So if a mortgage broker tells you that it’s just fine if your housing costs ( mortgage payments, insurance, prop tax) are 33% of your gross income you must be very wary. In the ‘old days’ (before the late 90s) that ratio was 25% and that was pretty strictly adhered to by lenders. Its been floating up in recent years, first to 28% and now it’s often 33%.
on 02 Feb 2007 at 12:31 am2Jay
Your reason listed for not buying a house are all the reason FOR buying a house.
First of all…if someone has bad credit; by buying a home their credit score will go up within a few months because of their 1st and 2nd Mortgage they have.
Also why would someone want to make a down payment in the first place?
Why not put that money in the Shanghai or Karachi stock market (last year they both went up over 80%).
This is a great time to buy a home:
#1) We are in a down market..homes are languishing on the market for at least 6 months now…you can get a great deal now..versus only a few years ago homes were in a bidding war.
#2) Either your gonna pay the rent to the landlord and own nothing after your done….or you can buy a home, get that that mortgage and as home prices rise and your equity goes up….when you move you will have made a profit from buying your house.
Buying a home is a great choice to make.
Of course you dont want to buy more-home-than-you-can-afford.
Mortgage professionals are the good guys..previous comments mentioned corruption in the industry.
That ‘corruption’ is there so its easier for more people to qualify to buy a home.
on 05 Feb 2007 at 7:57 am3DL Fan
Jay,
I think you must have mistyped your name because I’m pretty sure it is David Lereah. Either you’re him or you’ve been smoking the same type of stuff he has been smokin.
For example item #2.
#2) Either your gonna pay the rent to the landlord and own nothing after your done”?.or you can buy a home, get that that mortgage and as home prices rise and your equity goes up”?.when you move you will have made a profit from buying your house.
- In most areas it isn’t too hard to find a place that is cheaper to rent than buy. I’ve lived in 5 different states in the last 10 years and time and time again it was not too much work to find a nice rental that was cheaper than a mortgage payment (sane mortgage like a 15 or 30 year fixed).
- You’re assuming that home prices are going to rise and we’re not going to see something similar to Japan’s market.
- You’re again assuming that the home prices rise (if they’re rise at all) enough to recoop your purchase price plus all associated fees.
on 05 Feb 2007 at 8:20 pm4Kevin Boer
Congrats on the Carnival win!

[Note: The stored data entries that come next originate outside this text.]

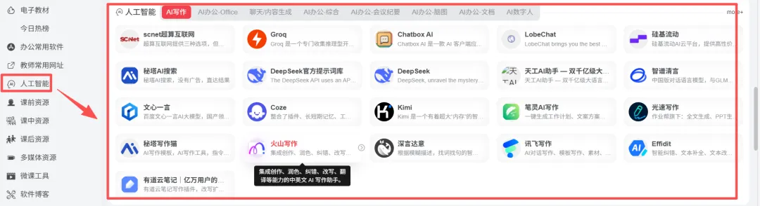 4、点开左侧人工智能工具,我们会发现里面扣子、DeepSeek、秘塔、Kimi等21款AI官方网站。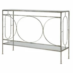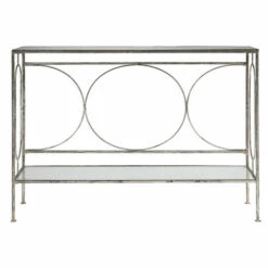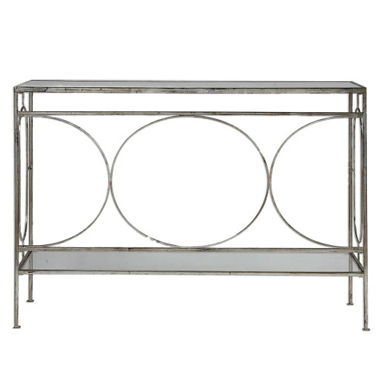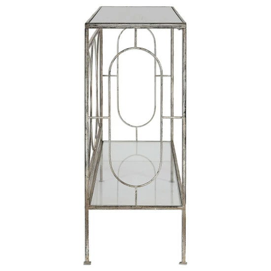 This Luano console table features a refined look through its thinly shaped forged iron crafting. It is completed with its heavily distressed antique silver finish. The top shelf is mirrored with a clear tempered glass gallery shelf.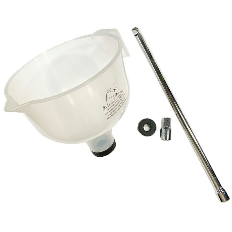 付属のオイルキャッチタンクは受口が150mmと大きく排出されたオイルをしっかり受けます。
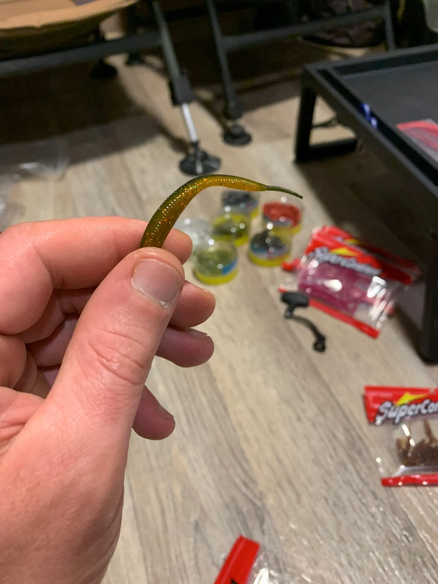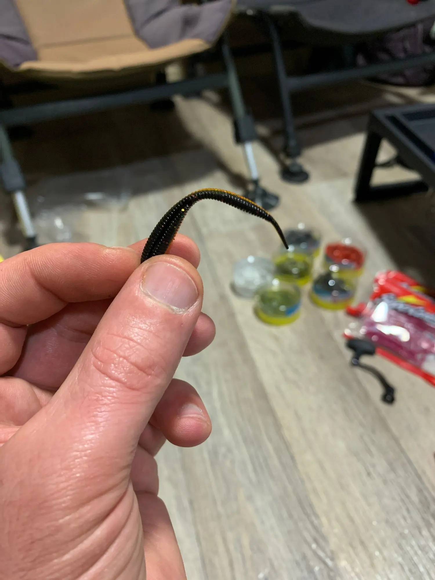 Вот этот червяк тоньше по факту, просто как две спички, но сделано хорошо, запах, пропитка на высоте, посмотрим что покажет на воде))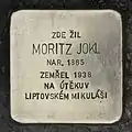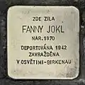 Jokl, FannyFanny Jokl was born on 27 March 1870. She was married to Moritz Jokl. The couple had two daughters, Frieda and Annie (born 1905), and four sons, Paul (born 1895), Fritz, Wilhelm (born 1899) and Erich (born 1909). The family owned a house in the center of the city, opposite the City Café. After the signing of the Munich Agreement which enabled the German Reich to invade and occupy Krnov, the family decided to flee to Liptovský Mikuláš. Along the way, her husband had a heart attack and died. He was 69 years old. He was buried in the Jewish cemetery of Liptovský. Thereafter the family was scattered to the four winds. Her son Fritz, his wife and his two little children succeeded in emigrating to Palestine in March 1939 with legal British permits. Her daughter Frieda and her husband flew to Hungary, their daughter left for London, their son for Palestine. Fanny and Moritz Jokl's oldest son Paul flew to Paris.[20] Fanny Jokl herself was caught in Slovakia and deported from Žilina to Auschwitz concentration camp with the transport of 22 September 1942. Her transport number was 520. She was murdered by the Nazi regime at the age of 72.[26]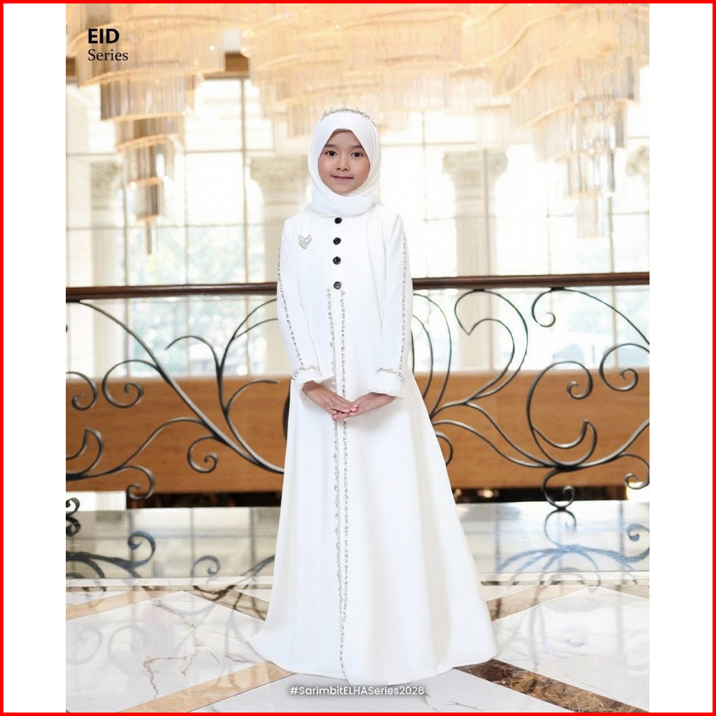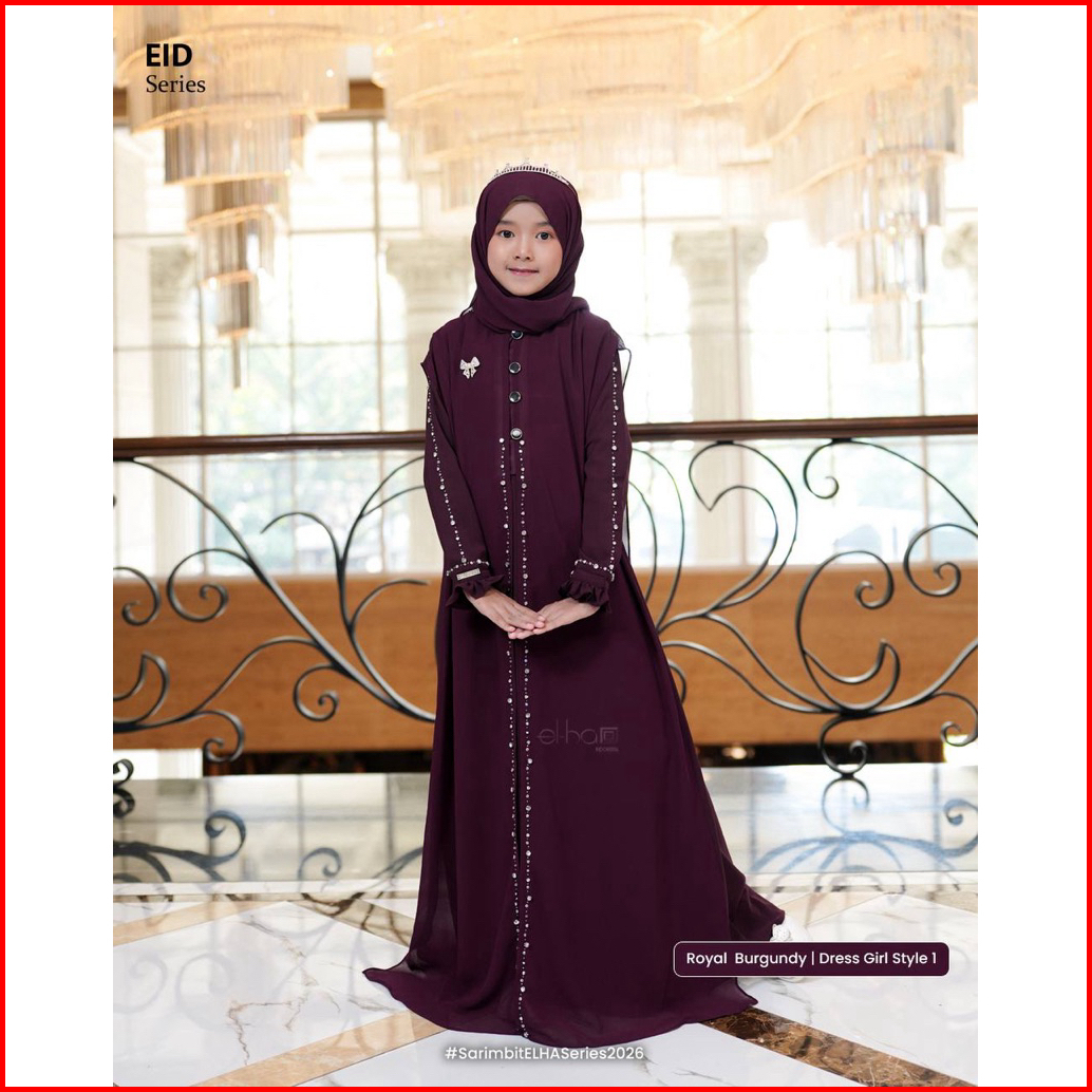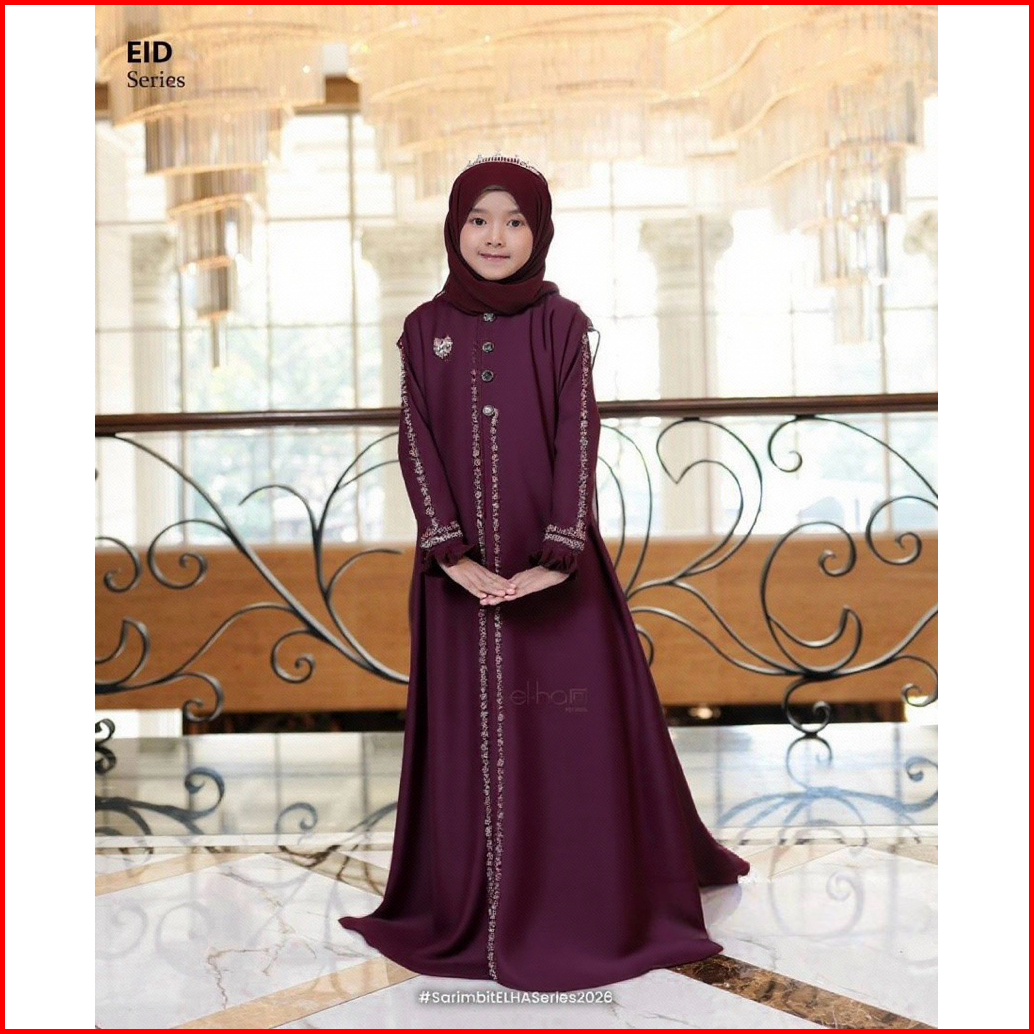 Elha Kids Abaya Muslim Anak Perempuan Ceruty Babydoll Aplikasi Payet Usia 7-15 Tahun Abaya Dubay Mahogany Burgundy Mewah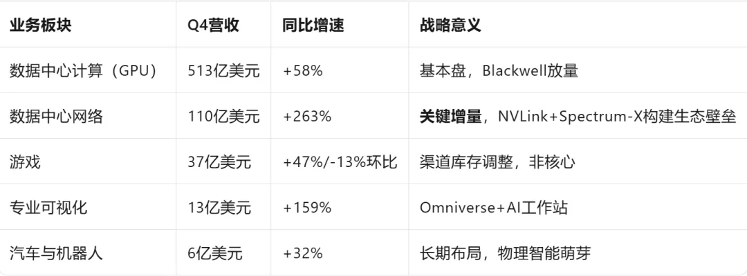 核心洞察:网络收入增速是GPU的4.5倍,说明英伟达成功将客户锁定在"GPU+互连+网络+软件"的全栈解决方案中。客户更换成本极高,生态护城河加深。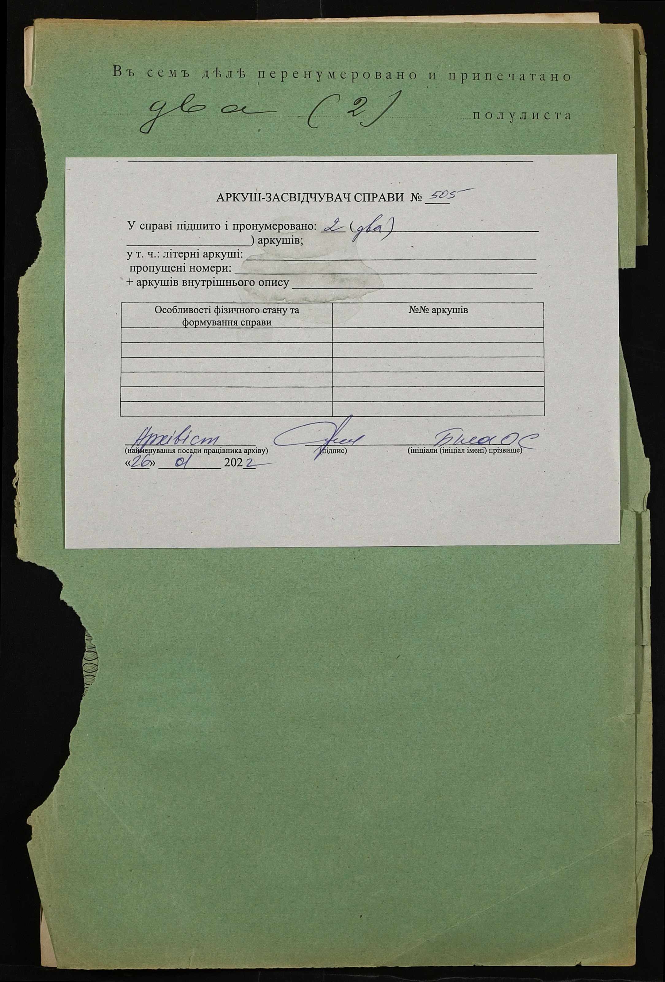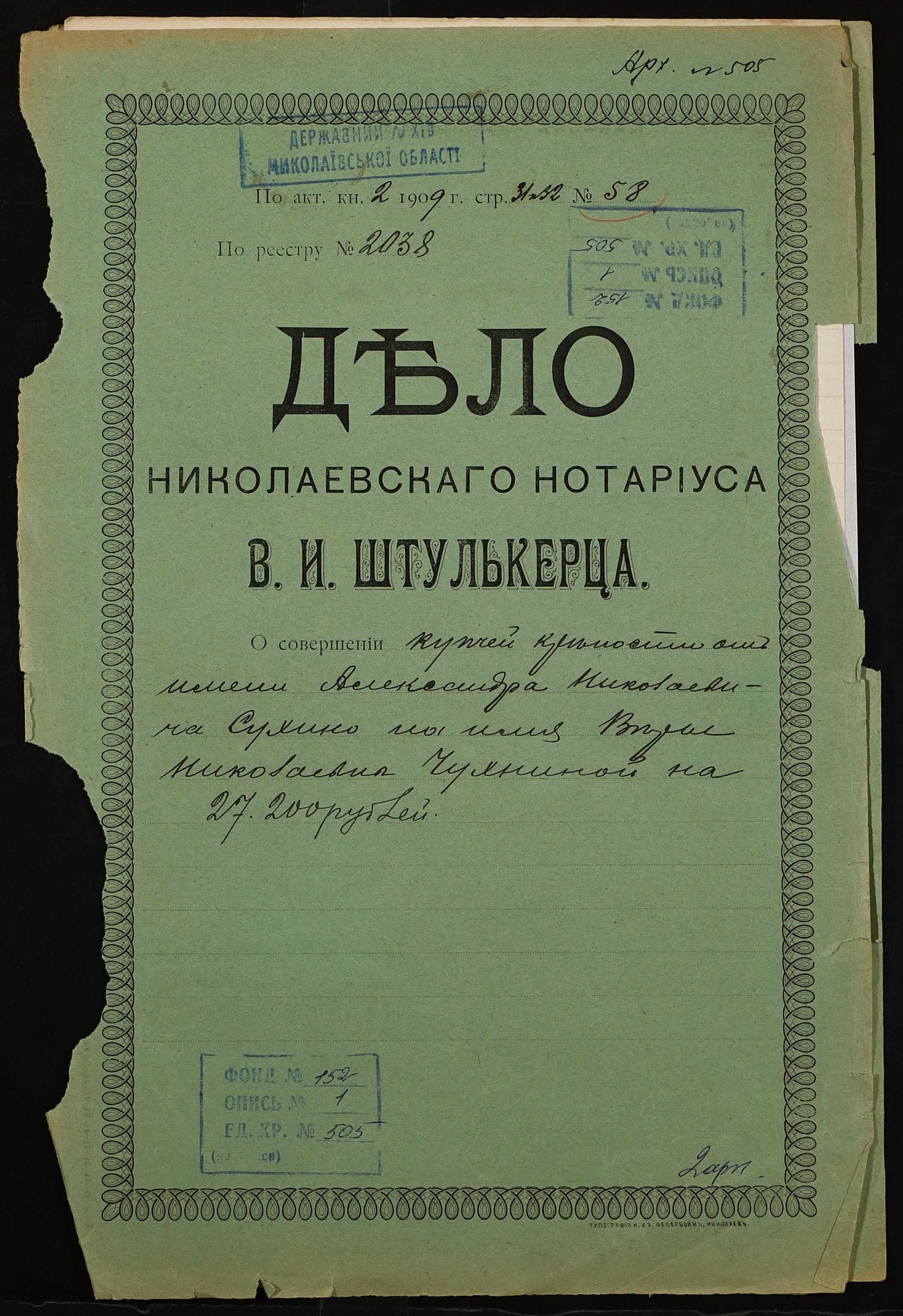 Фонд 152 / Опис 1 / Справа 0505

This is good, solid home buying advice, and I think it improves our credibility as real estate professionals if we don’t do the David Lereah “it’s always a good time to buy” song and dance. Number 6 on your list might be, “If you’re only going to be in the home a few years.”
on 10 Feb 2007 at 8:52 am5Toby
Steve,
This is a very tought-provoking article and makes a lot of great points.
Is there evil in the mortgage and real estate world? Of course. But, then there is in every possible business (Enron?). The key is to work with someone that you trust — and know your limitations.
It often amazes me how much someone will tell me (as a licensed agent in Ohio) about themselves in a 30 second phone call. Last week, in 30 seconds a woman told me their house had black mold and that it was making them all very sick, they had to move, they had bad credit, etc.
What did she just do? She just set herself up to be taken advantage of. Fortunately, she called me and I explained to her what she had just done — and you could hear the alarms going off in her head. How many people had she called before me? I don’t know.